König, R., Pregger, T., Kronshage, S., Jochem, P., McCall, B., Holtz, G., Vishwanathan, S.S., Fragkos, P., Teng, F., Smith, S.J., Teske, S. (2025). How to consider feasibility aspects of transformation pathways for the industry sector - implications for energy systems modelling. Energy Strategy Reviews.

  • Background knowledge integration from seven international energy systems models.
  • Requirement analysis for feasibility evaluations for industry sector transition.
  • Characterisation of feasibility indicator categories from various disciplines.
  • Visual presentation of a process loop for improved feasibility assessments.
  • Findings support translating scientific study results into industrial practices.

Abstract

The practical feasibility of GHG mitigation pathways is increasingly acknowledged as essential to climate scenario development. However, energy system models (ESMs) still lack a structured and comprehensive approach for integrating feasibility considerations. This study proposes a conceptual framework that addresses this gap by guiding the integration of feasibility aspects into model-based scenario studies, with a specific focus on the industrial sector.

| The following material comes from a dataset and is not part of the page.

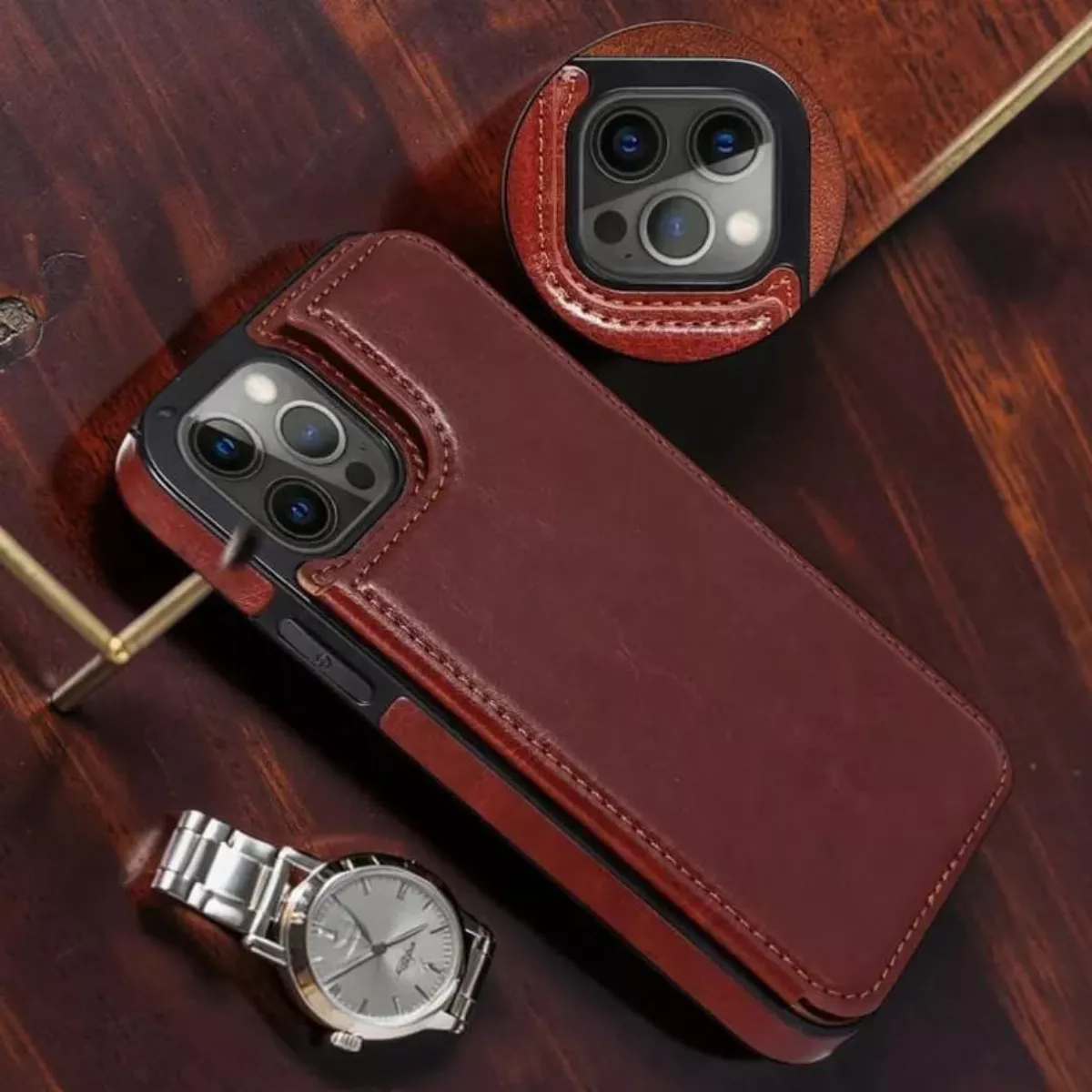 View Base cost hereThe Leather Wallet Card Phone Case combines everyday protection with practical functionality and a sleek, modern look. Crafted from high-quality leather, this case offers a premium feel while providing reliable protection against scratches, drops, and daily wear. The built-in card holder allows you to conveniently store essential cards such as IDs, credit cards, or transit cards, making it perfect for on-the-go use without carrying a bulky wallet.
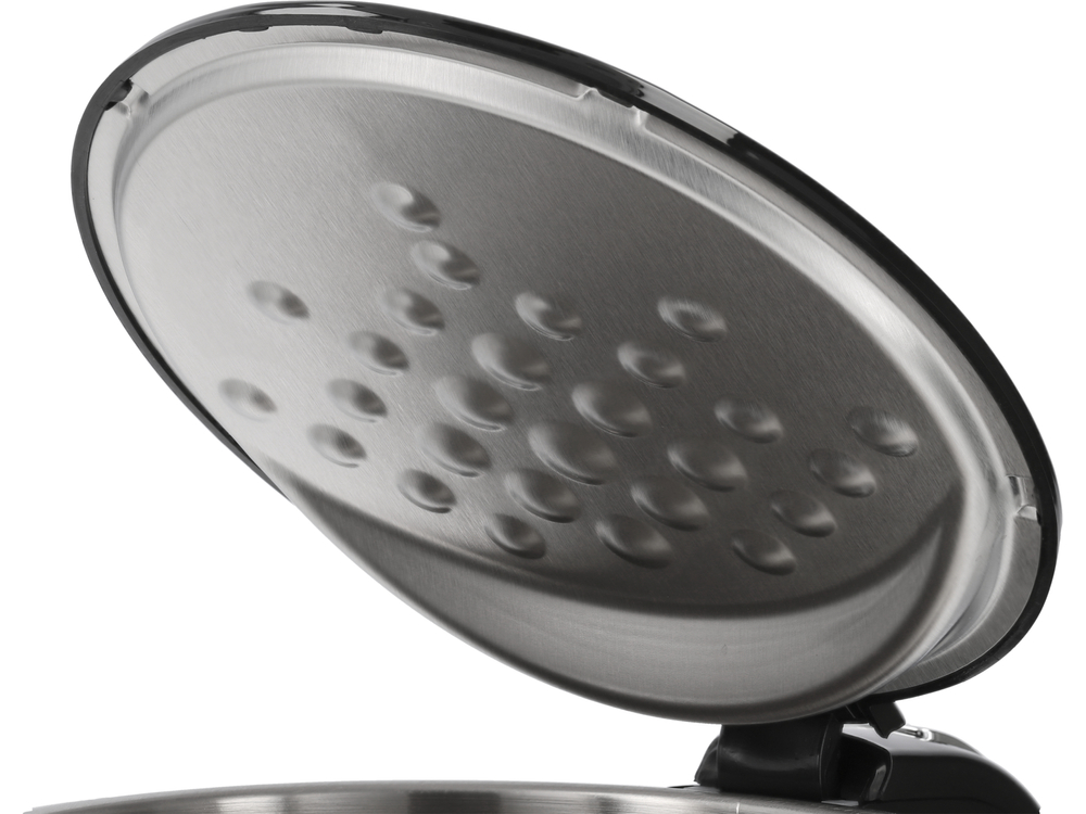 Wewnętrzna ścianka ze stali nierdzewnej zapewnia higieniczne środowisko, a zaoblona linia pozwala uniknąć osadzania się kamienia w rowkach.

At the heart of the proposed concept lies the Feasibility Loop—the core contribution of this work. It provides a structured, visual, and process-oriented approach to systematically link existing methods, indicators, and data sources across the entire modelling process. The loop identifies key steps in a model-supported feasibility assessment, clarifies how different types of methods contribute to these steps, and supports modellers in understanding where and how feasibility aspects can be meaningfully integrated.

The framework is built around three distinct types of feasibility constraints—hard, quantitative soft, and qualitative soft—which serve as a conceptual bridge between assessment content, modelling tools, and interdisciplinary knowledge. Supporting components include a 5W1H-based structuring of the research context, a typology of feasibility-relevant indicator categories, and guidance for modelling requirements such as granularity and adaptability.

Rather than prescribing a fixed workflow, the proposed concept serves as a flexible toolbox, enabling tailored application depending on available resources and research goals. Finally, it aims to improve the relevance, comparability, and transparency of scenario results and support more robust decision-making in the transformation of energy-intensive industry systems.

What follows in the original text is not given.